## TASK OBJECTIVE
Your reply should set down word for word each line below from the one with "Blue color Clutches" through the final line, both included, but none of the pictures.

## DATASET EXCERPT
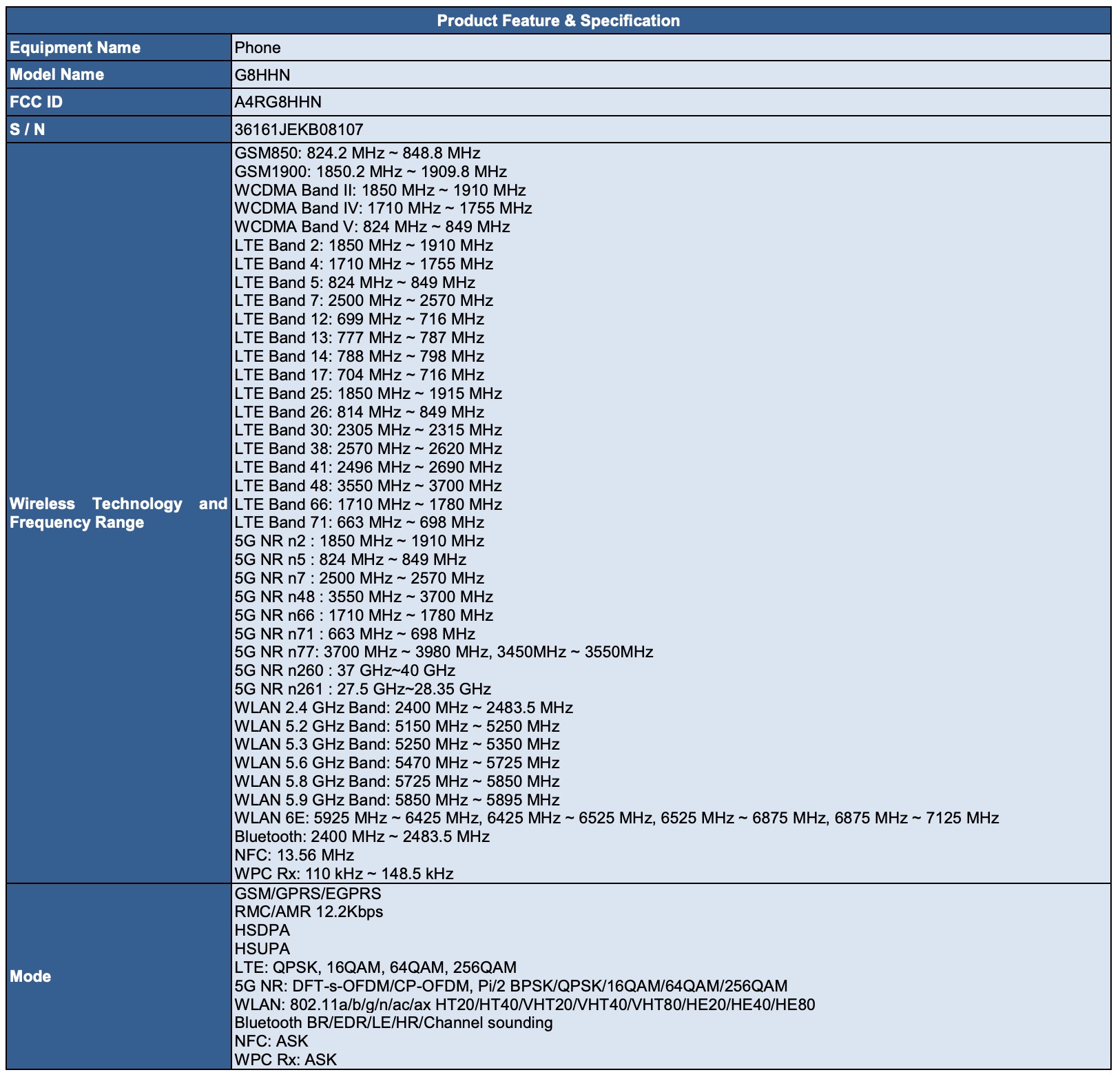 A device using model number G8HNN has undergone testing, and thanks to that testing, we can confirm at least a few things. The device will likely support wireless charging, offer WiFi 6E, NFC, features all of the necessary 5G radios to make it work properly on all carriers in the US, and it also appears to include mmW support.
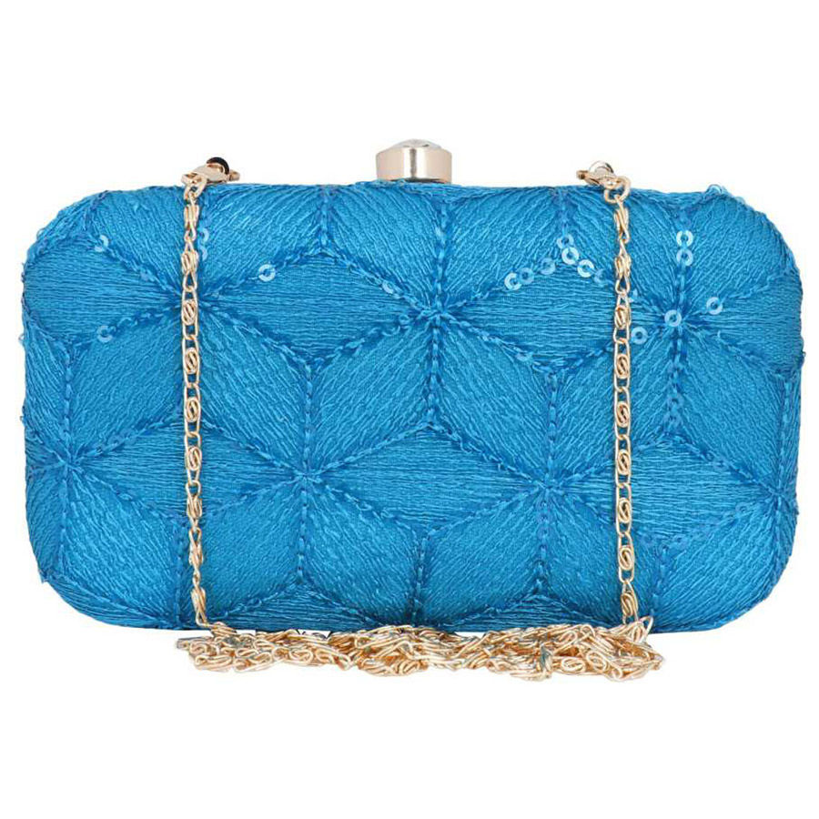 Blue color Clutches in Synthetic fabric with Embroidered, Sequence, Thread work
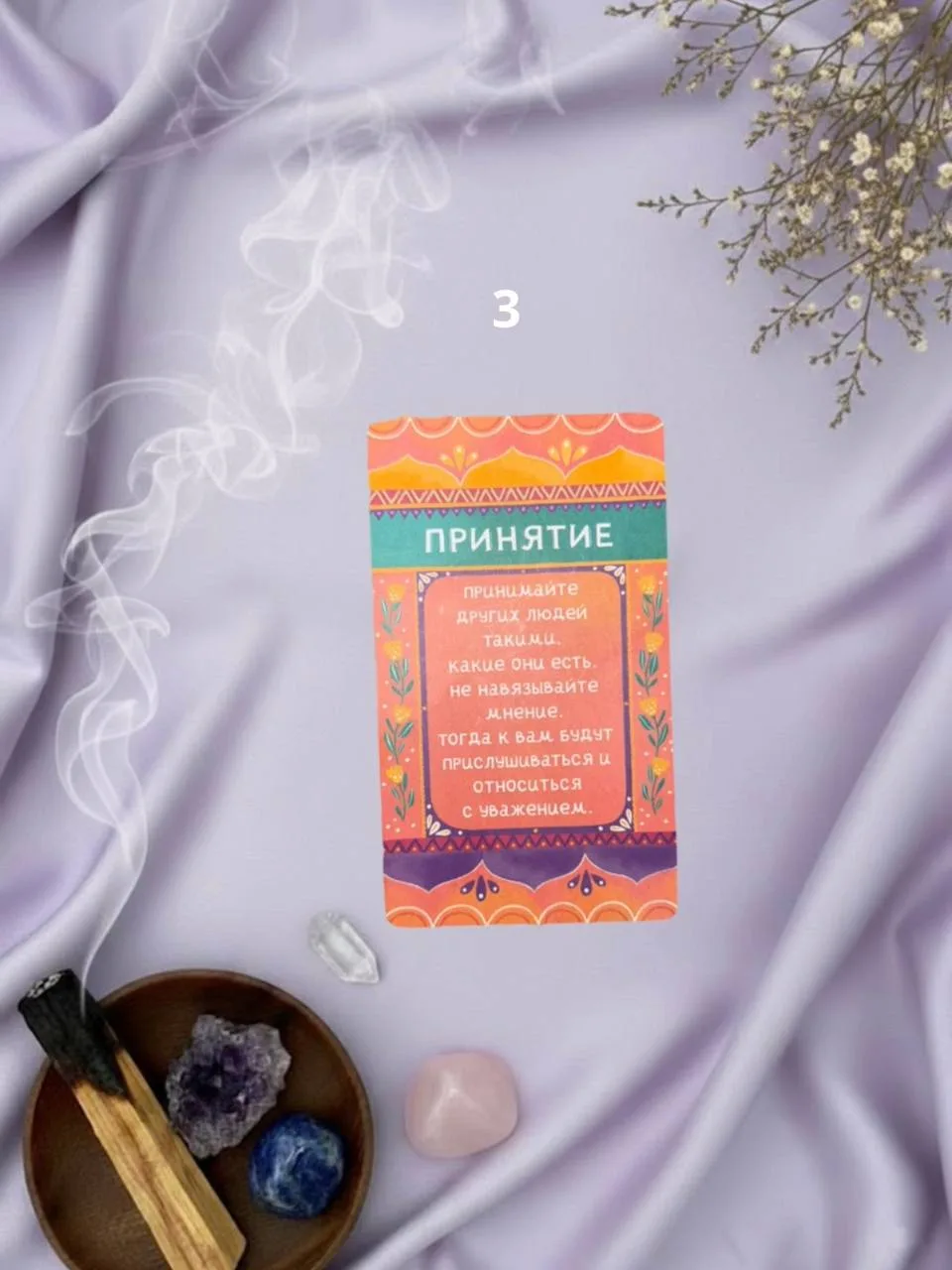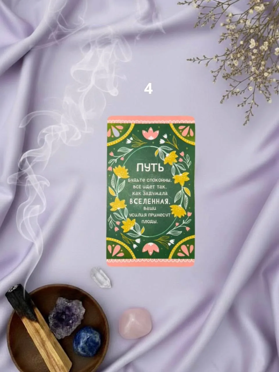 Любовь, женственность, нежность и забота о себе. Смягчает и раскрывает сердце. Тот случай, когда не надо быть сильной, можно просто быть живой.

## RESULT
 Blue color Clutches in Synthetic fabric with Embroidered, Sequence, Thread work
 Любовь, женственность, нежность и забота о себе. Смягчает и раскрывает сердце. Тот случай, когда не надо быть сильной, можно просто быть живой.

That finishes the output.